> **ENTRIES SUPPLIED**
-=-=-=-=-
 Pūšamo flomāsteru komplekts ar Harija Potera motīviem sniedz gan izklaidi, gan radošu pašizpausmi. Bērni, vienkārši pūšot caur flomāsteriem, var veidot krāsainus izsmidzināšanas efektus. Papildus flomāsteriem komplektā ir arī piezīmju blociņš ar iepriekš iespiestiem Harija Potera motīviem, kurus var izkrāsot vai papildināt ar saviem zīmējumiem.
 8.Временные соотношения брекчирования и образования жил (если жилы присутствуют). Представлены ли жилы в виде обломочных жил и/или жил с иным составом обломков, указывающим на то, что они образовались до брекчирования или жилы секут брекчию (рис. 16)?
-=-=-=-=-
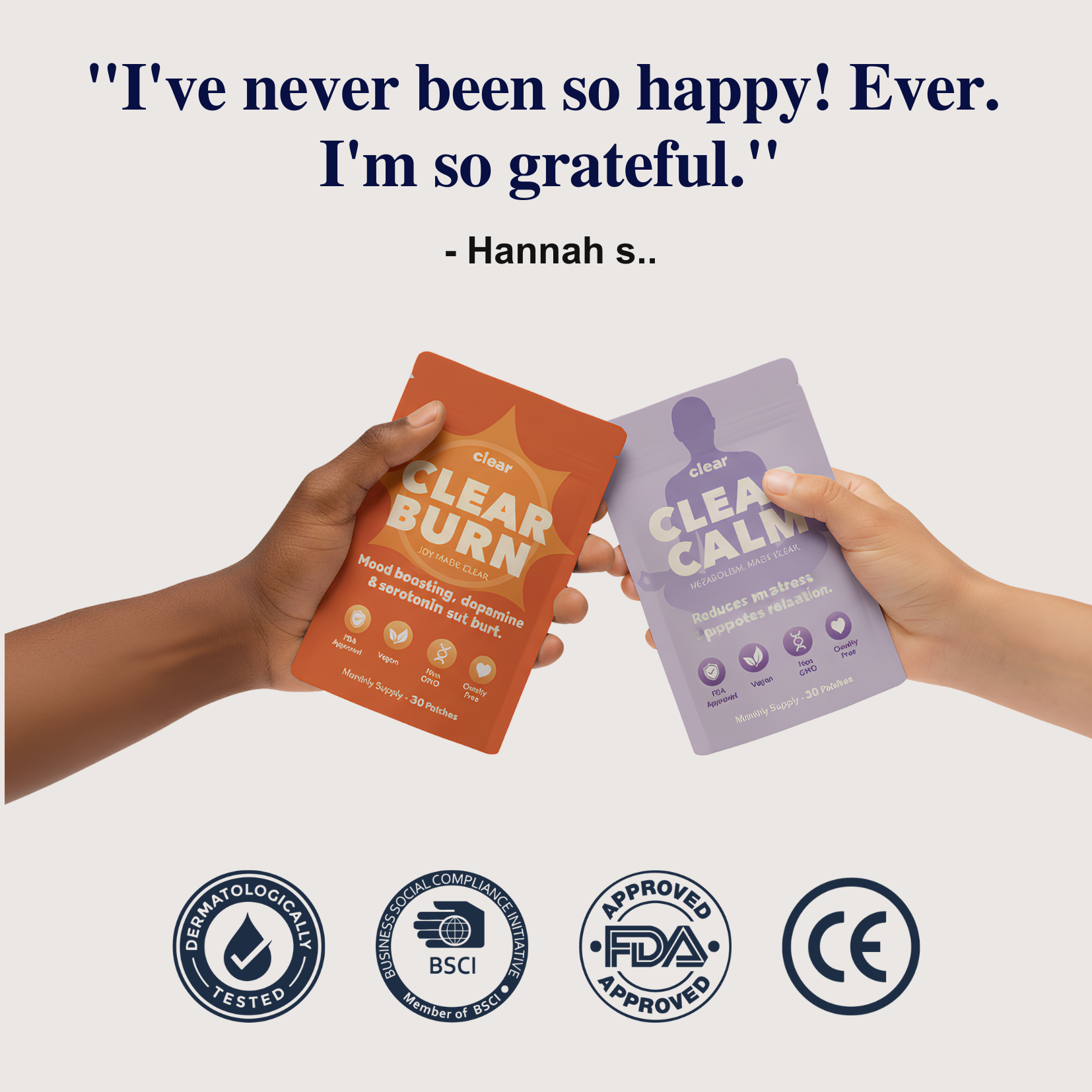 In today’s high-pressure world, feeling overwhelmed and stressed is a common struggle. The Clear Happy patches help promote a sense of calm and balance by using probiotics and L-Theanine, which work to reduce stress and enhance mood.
-=-=-=-=-
> **GOAL OF THE EXERCISE**
In the listing above, find the line with "Pūšamo flomāsteru komplekts" and the line with "8.Временные соотношения брекчирования". Output those two lines and every line between them, exactly as written.

> **TASK SOLUTION**
 Pūšamo flomāsteru komplekts ar Harija Potera motīviem sniedz gan izklaidi, gan radošu pašizpausmi. Bērni, vienkārši pūšot caur flomāsteriem, var veidot krāsainus izsmidzināšanas efektus. Papildus flomāsteriem komplektā ir arī piezīmju blociņš ar iepriekš iespiestiem Harija Potera motīviem, kurus var izkrāsot vai papildināt ar saviem zīmējumiem.
 8.Временные соотношения брекчирования и образования жил (если жилы присутствуют). Представлены ли жилы в виде обломочных жил и/или жил с иным составом обломков, указывающим на то, что они образовались до брекчирования или жилы секут брекчию (рис. 16)?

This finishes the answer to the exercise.